這么多天以來,他看到的都是那個人沉睡時候的樣子。今天,他終于看到了那個人眸子的顏色,那幾乎是透明的銀色,雖然有些詭異,卻美麗異常。他終于聽到了那個人的聲音,雖然有些有氣無力,卻那么動聽。他終于看到了那個人的笑容,淡淡的微笑,對著他微笑。
御逸啊。
在他還睡著的時候,越然就猜想著,他會有一個什么樣的名字呢。夜晚的時候,越然甚至苦苦思索著,想要自己給他取個名字。
不知道這“御逸”,是哪個御哪個逸。
越然想著這兩個字的組合。
如果是“御”,那就是皇家專用的意思,不錯。
如果是“逸”,雖然輕揚俊雅,但是拆開看,那就是逃跑的兔子。意思不太好。
想到這里,越然突然睜開眼,拍了一下自己的頭。
對啊。難怪這么長時間一直覺得他像什么。
原來是兔子!
皇家兔子4+5
天色漸暗,越然大步流星進了祥軒殿。
剛進去就看到御逸坐在窗邊望著窗外發呆。
“秋風甚寒,你重病在身,怎么坐到那邊去了。”
御逸轉頭見來的人是越然,淺笑著站起身,對他施了一禮。
“恩公。”
越然皺著眉頭把他拉到桌邊坐下,一邊讓人擺上飯菜,一邊吩咐把祥軒殿的窗子都關了。然后坐到御逸身邊,說道,“你也不許再叫朕恩公。”
“那應該如何稱呼?”
“朕叫越然。記住了。”
“皇帝陛下的名諱,可以直接稱呼么?”御逸仍然淺笑著說。
被他這么一問,越然才想起來。確實不太應該讓他直接稱呼自己的名諱。
“那你就叫朕陛下吧。和其他人一樣。”越然有些不情不愿。他其實想讓御逸用比較特別的方式稱呼自己的。不過當這“陛下”兩個字從御逸口中說出來之后,他馬上就釋然了。同樣的兩個字,御逸說出來卻是不一樣的感覺。
“好!好!來吧,御逸,我們吃飯。”
越然高高興興的把太監侍女都趕出去,只有他們兩個人坐在桌邊吃飯。
御逸仍然不怎么吃,只稍微沾了點粥。
越然看他這樣,用筷子夾了些清淡的菜放在御逸的碗里。
“我知道你不舒服吃不下,可是不吃病就好不了。多吃一點。”
御逸的臉上似乎一直只有那一種表情。不管越然說什么做什么,他都只是淡淡的笑著,看著他。

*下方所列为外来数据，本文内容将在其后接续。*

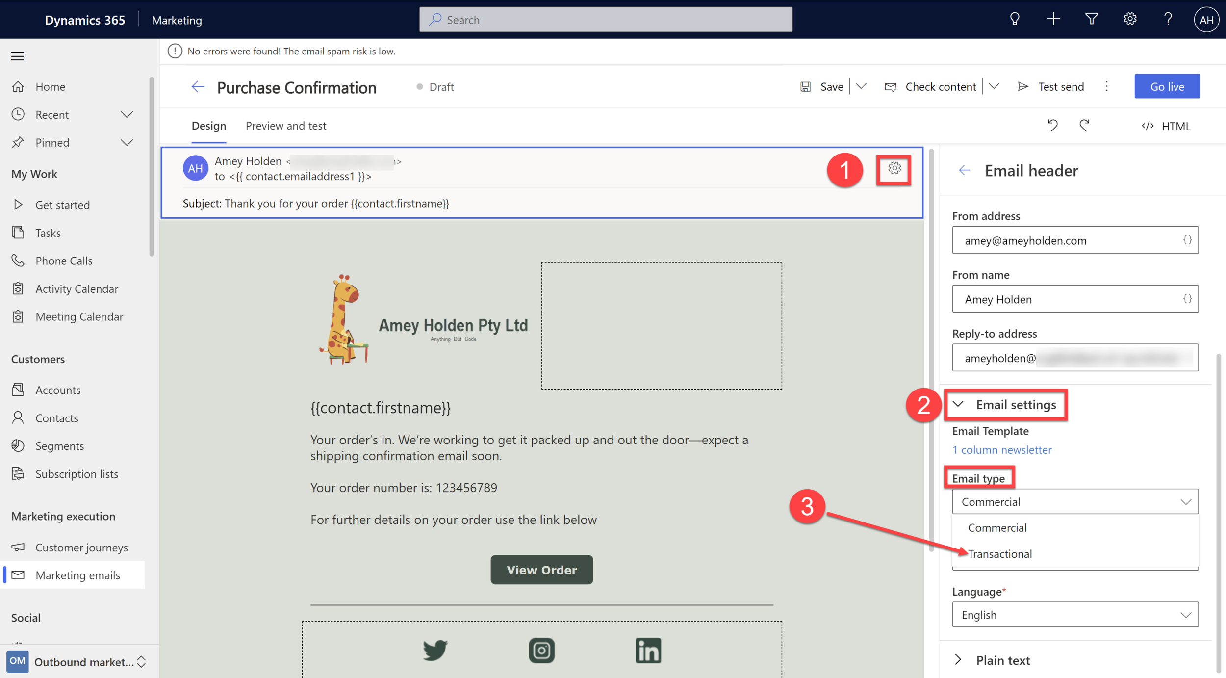 Further reading on Transactional Emails in Dynamics 365 Marketing -> https://docs.microsoft.com/en-us/dynamics365/marketing/email-properties#set-the-legal-designation-to-identify-each-message-as-either-commercial-or-transactional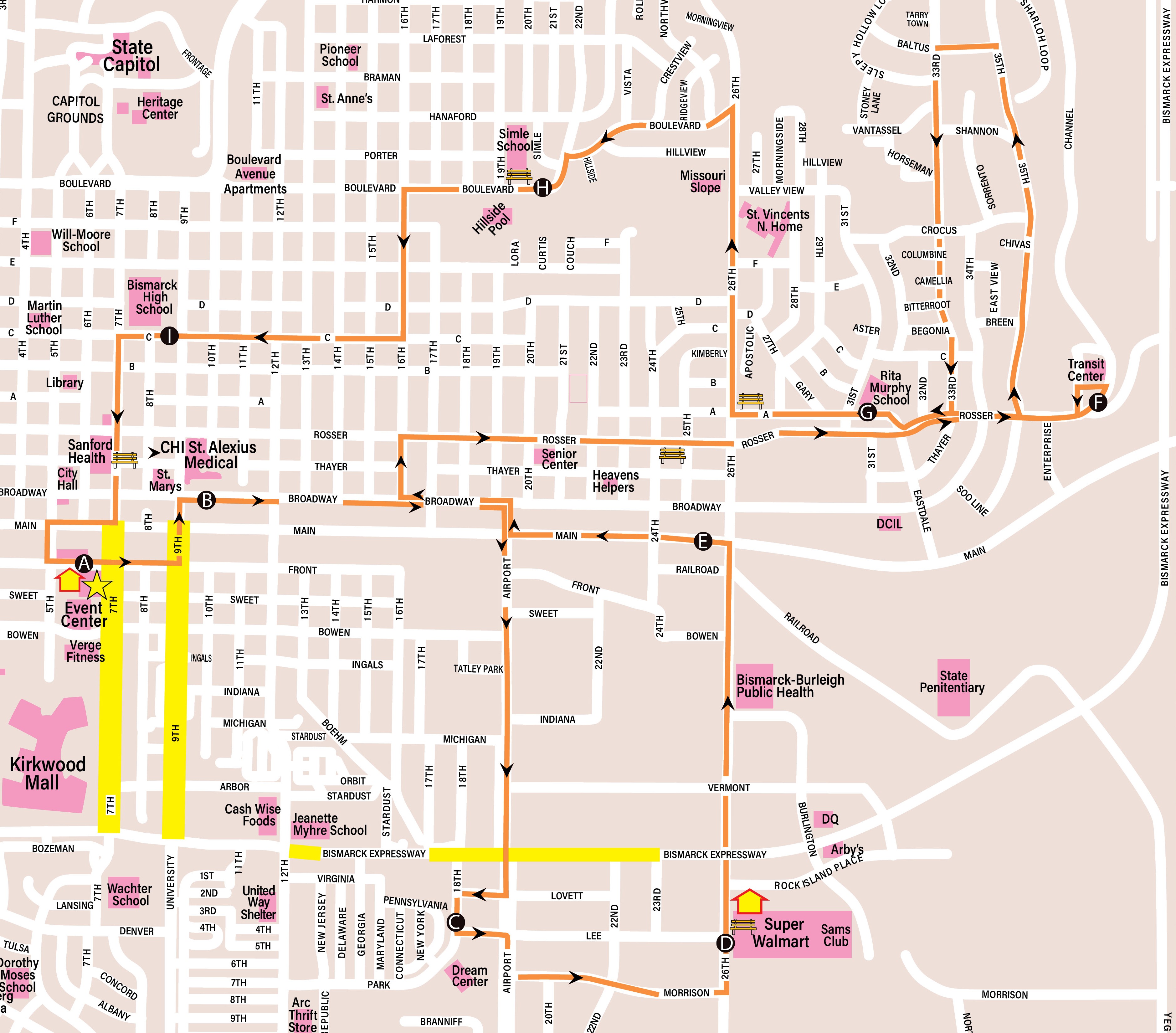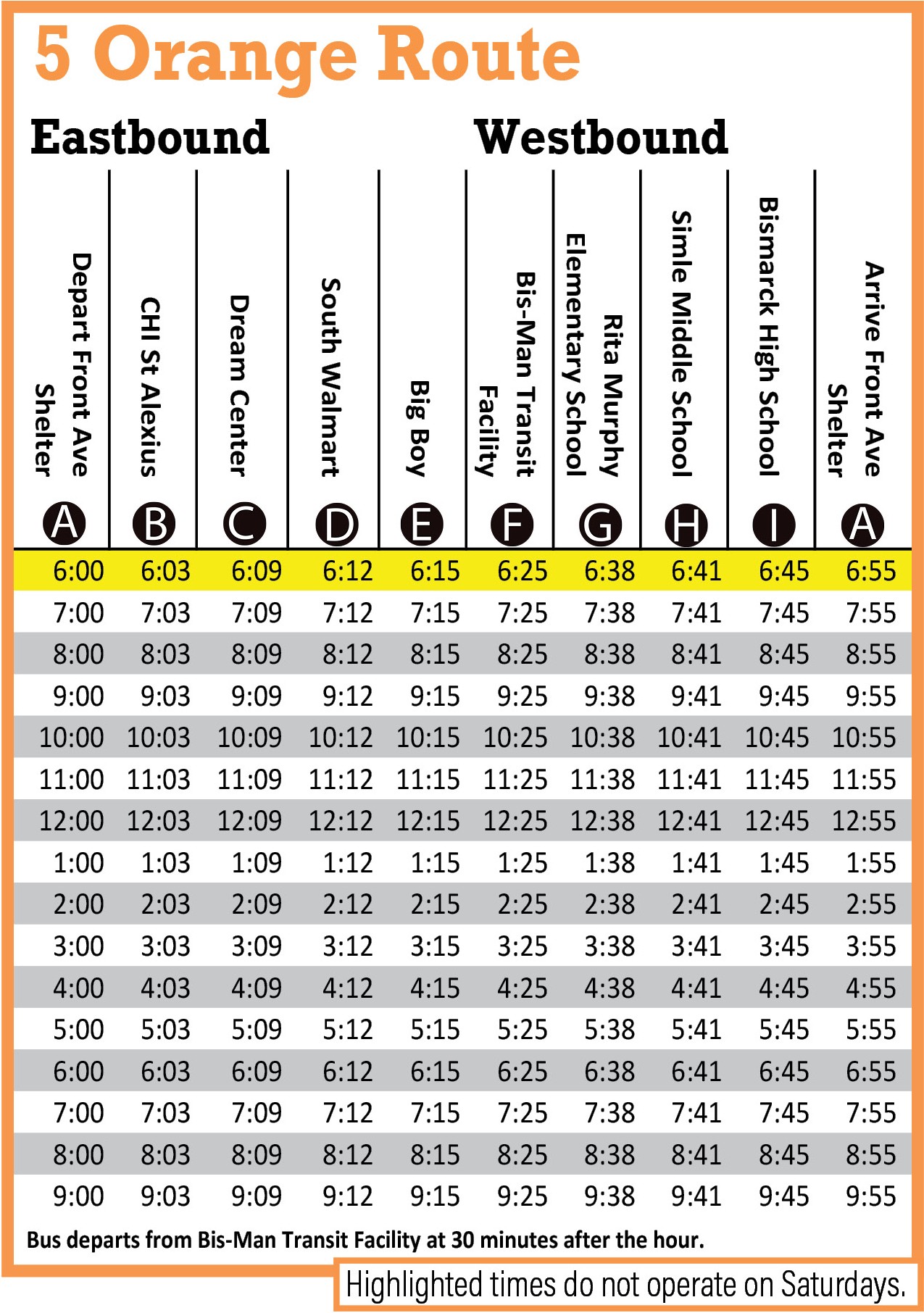 - Major destinations are printed on the top of the schedule and right underneath is a letter in a black circle. These letters and circles are referred to as timing points.

“陛下,”御逸提起筷子夾了越然放進來的菜,“你不必擔心御逸的病。”說完,將菜放入口中細細咀嚼。
“怎么能不擔心。你不知道那個時候你看起來多嚇人。身上插著只箭,箭周圍被你扯的血肉模糊。你的衣服都被血給浸透了。良素說,以你那個時候的狀態,能活著已經算是命大了。”看御逸吃了自己夾的菜,越然趕緊又多夾了一點放在御逸碗里。
御逸咽下菜,喝了口水,才開口道,“我只記得自己中了一箭。其他的全不記得了。”
越然有點緊張,他還不想讓御逸知道那一箭就是他射的。
“你說你,中箭了就老實的等著治療啊,還自己拼命的去拔,結果才會出那么多血的。”
御逸點點頭,“當時我已經沒有意識了。可能只是反射動作吧。”
“對了。”越然突然想起來,“良素說,你身上除了箭傷之外,還有別的傷,是怎么回事?你還記得么?”

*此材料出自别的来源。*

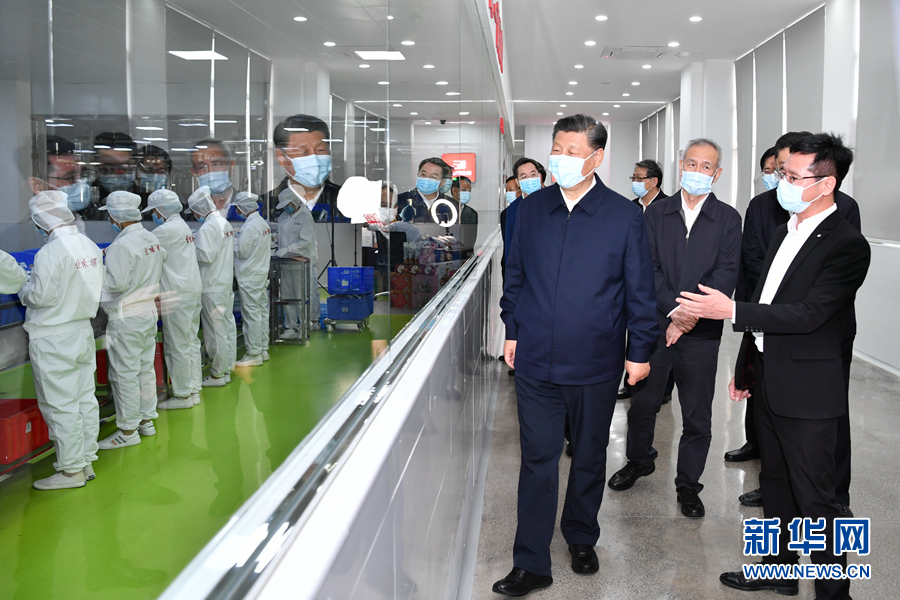4月25日至27日,中共中央總書記、國家主席、中央軍委主席習近平在廣西考察。這是26日下午,習近平在柳州螺螄粉生產集聚區,了解螺螄粉生產情況。新華社記者 殷博古 攝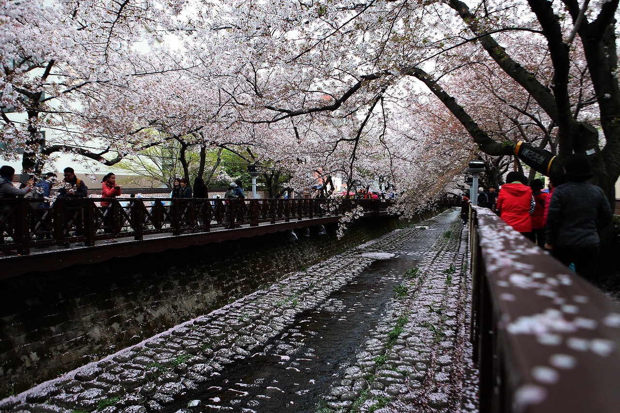 여좌천 벚꽃나무는 수령이 많습니다. 그 늙은 벚꽃나무 그늘 아래로는 젊은 청춘들이 넘쳐납니다. 잿빛 개울을 따라 늘어진 벚꽃 가지에는 솜사탕처럼 꽃이 열리고 바람이라도 하늘거리면 떨어지는 모습조차 눈부시게 아름다운 풍경을 자아냅니다. 그래서 여좌천은 진해 벚꽃의 1번지입니다. 비가 내리고 바람도 간간히 불어댑니다. 꽃잎은 하릴없이 떨어지고, 떨어진 꽃잎은 여좌천 물길을 따라 제 멋대로 떠내려갑니다. 속절없다는 표현이 맞을까요? 물끄러미 떠내려가는 꽃잎을 보는 마음이 괜스레 횅해져 옵니다.

御逸苦笑著說,“我在中箭之前就已經有傷在身了。說來好笑,要不是那一箭,我恐怕還沒辦法脫身呢。而且,”御逸看著越然,“要不是那一箭,我也不會被陛下所救呢。”
“是啊。哈哈哈……”越然笑的有些尷尬,“那個,御逸,你身上的傷,良素說他也看不出個所以然,所以,你要告訴我你是怎么受的傷,哪里受了傷,這樣我才能找人給你醫治。”
御逸搖搖頭,“陛下不要擔心,御逸的傷,將養些時日自然就會好了。不需要醫治的。只是,希望陛下可以讓御逸在這皇宮中多留幾天。待我傷好一些……”
“你一直住在這里!哪兒也不許去!”越然堅決的打斷御逸的話。他絕不許這只兔子逃跑!